START Input material
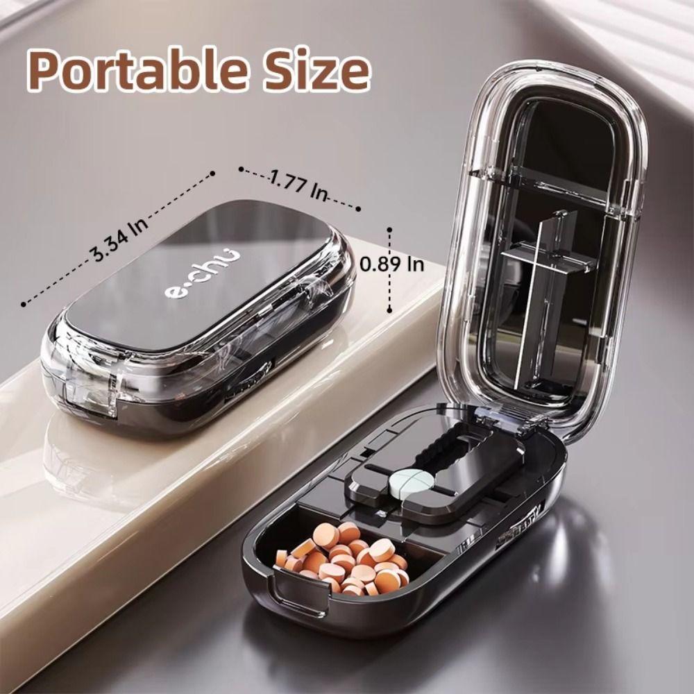 Dustproof Portable Pill Cutter Adjustable Daily Tablet Splitter 2 in 1 Pill Storage Box Travel
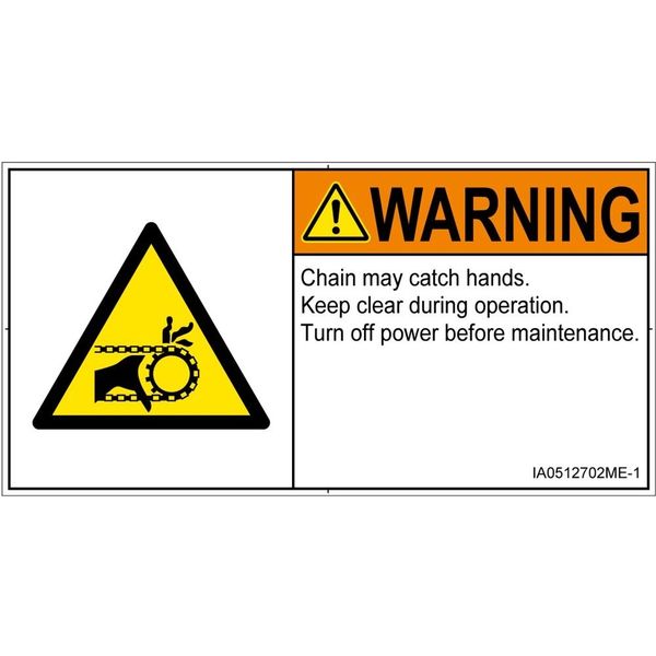 | シンボルマーク準拠規格 | メーカーオリジナル(ANSI Z535.3-2011準拠) | 危険の種類 | 機械的な危険 引き込み(チェーン) |
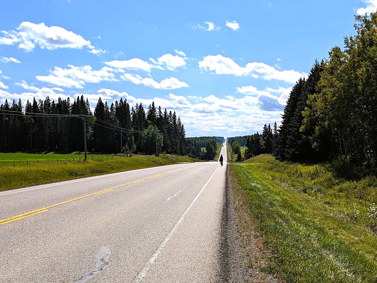 The 33 km stretch to the turnoff south onto Hwy #22 (aka The Cowboy Trail) couldn’t have come sooner and we felt relieved after having made a hasty exit off of #11. Unfortunately, it was short lived as we lost count of the number of logging trucks that screamed by us on this 25km leg towards the Town of Caroline.
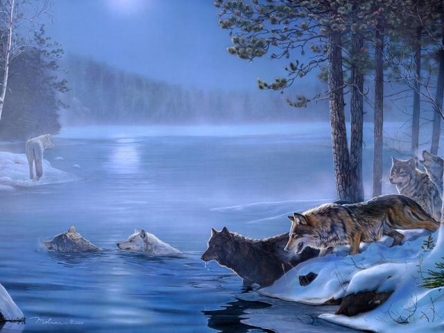 Wallpaper A pack of wolves moonlit night
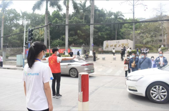 志愿者们身穿红马甲,手持文明交通宣传旗,为即将赴考的考生指引道路,确保考生顺利通行,平安到达考场。同时,倡导考场附近的商户和过往的车辆及行人在考试期间采取“静音模式”,助力考生顺利完成全国英语等级考试。
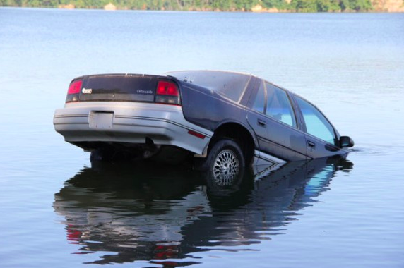 If your car is sinking in water, DO NOT try to push the door open! The door won’t budge because of the pressure of the water, and you will find yourself panicking. Instead, roll your windows down and swim out through them.
END Input material
> [Problem statement] Lines before the one containing "志愿者们身穿红马甲,手持文明" are not wanted; write out that line and every later line through the end of the data above, exactly, without pictures.

> [Response to this task]
 志愿者们身穿红马甲,手持文明交通宣传旗,为即将赴考的考生指引道路,确保考生顺利通行,平安到达考场。同时,倡导考场附近的商户和过往的车辆及行人在考试期间采取“静音模式”,助力考生顺利完成全国英语等级考试。
 If your car is sinking in water, DO NOT try to push the door open! The door won’t budge because of the pressure of the water, and you will find yourself panicking. Instead, roll your windows down and swim out through them.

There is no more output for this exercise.